Who were these people who ought to be shot?
He found about a dozen people, mostly associated with the railway unions who “ought to be shot,” and when they formed themselves into a group he became their first secretary. Among them were Mr. Oliver Wells and also his brother, Mr. Allen Wells, who, if possible, was even more enthusiastic than Oliver.
Their problem was how to get themselves noticed. They tried many ruses, including writing letters on local topics to the papers and then replying to themselves under pseudonyms.
In that era Fenny was busiest on Saturday nights up to the closing of the shops at 10 o’clock and they succeeded in persuading Mr. G Pacey, the Aylesbury Street ironmonger, to allow them to preach Socialism from a crate on his forecourt (the later Mr. Pacey that I knew had shotguns in his window!).
They had visiting speakers but they wondered whether they were getting anywhere until once again some Tories unconsciously helped them. There were the 100 or so members of the local Working Men’s Unionist Association. They set up their own rostrum not 20 yards away and the resulting hectic but not disorderly encounters put the Socialists right in the picture.
Anon they received support from high and unexpected quarters. Dr. Gore, the Bishop of Oxford, was a Socialist, and after visiting a local church he addressed a meeting called by the NUR at the Co-op Hall the same evening.
Nearby lived Mr.
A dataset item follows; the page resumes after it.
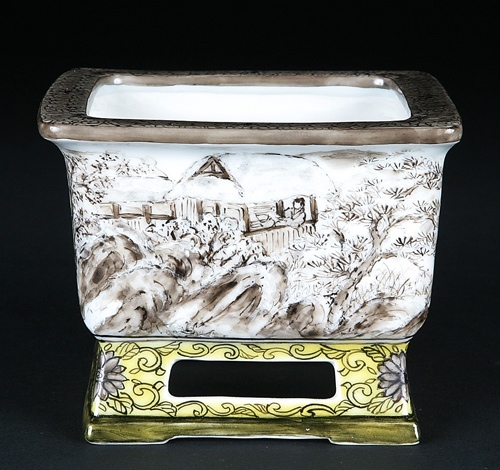 The rarest of the rare: yellow glazed window painted pot by Tsukinowa Yusen.

Denis Hird, the first principle(sic) of Ruskin College, Oxford, a well-known lecturer on ethics. He was a friend of Sir Herbert Leon, of Bletchley Park, who was a Liberal but was also interested in rationalism.
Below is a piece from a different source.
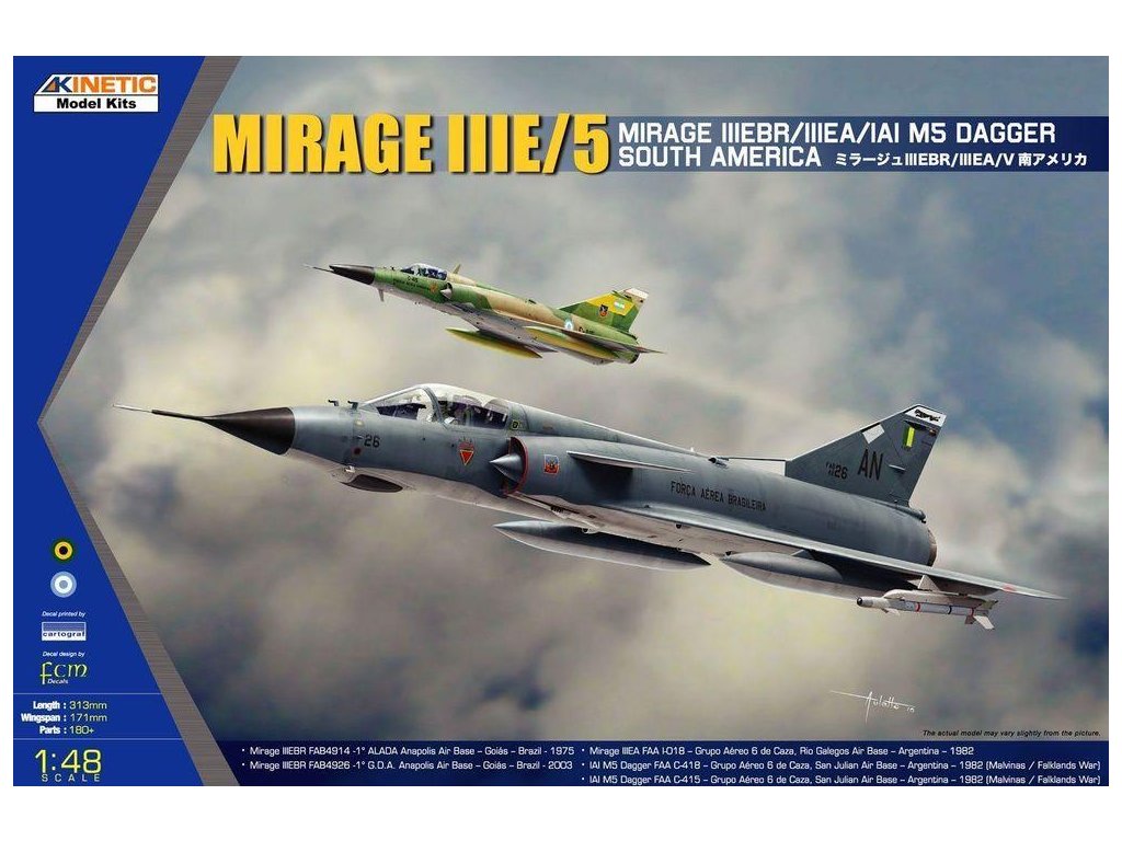 Kinetic 1/48 South American Mirage IIIE/V je model francúzskeho nadzvukového stíhacieho lietadla Mirage IIIE a jeho exportnej verzie Mirage V, ktoré tvorili základ juhoamerického letectva počas studenej vojny. Balenie neobsahuje farby ani lepidlo potrebné na zostavenie.

An ethical society was formed and for its meetings – “with ethics very broadly based” – Sir Herbert allowed the use of the cricket pavilion (how that pavilion does keep cropping up!).
About this time Oliver Wells and Arthur Phillips were candidates for the Fenny Ward, and in 1911 Allen Wells had the temerity to stand against Sir Herbert himself in the Bletchley Ward, though he polled only two votes.
In 1914, however, the Labour Party won their first seat on the council. There were no elections for the duration of the first world war but by 1919 millions were deserting the Liberal Party in favour of the Labour Party all over the country and the local Labour Party had two more members elected to the council that year. Nevertheless, it took 27 more years to obtain an elected majority.
“But now,” Mr. Dimmock told me sorrowfully, “we who ought to have been shot have arrived, alas, at respectability!”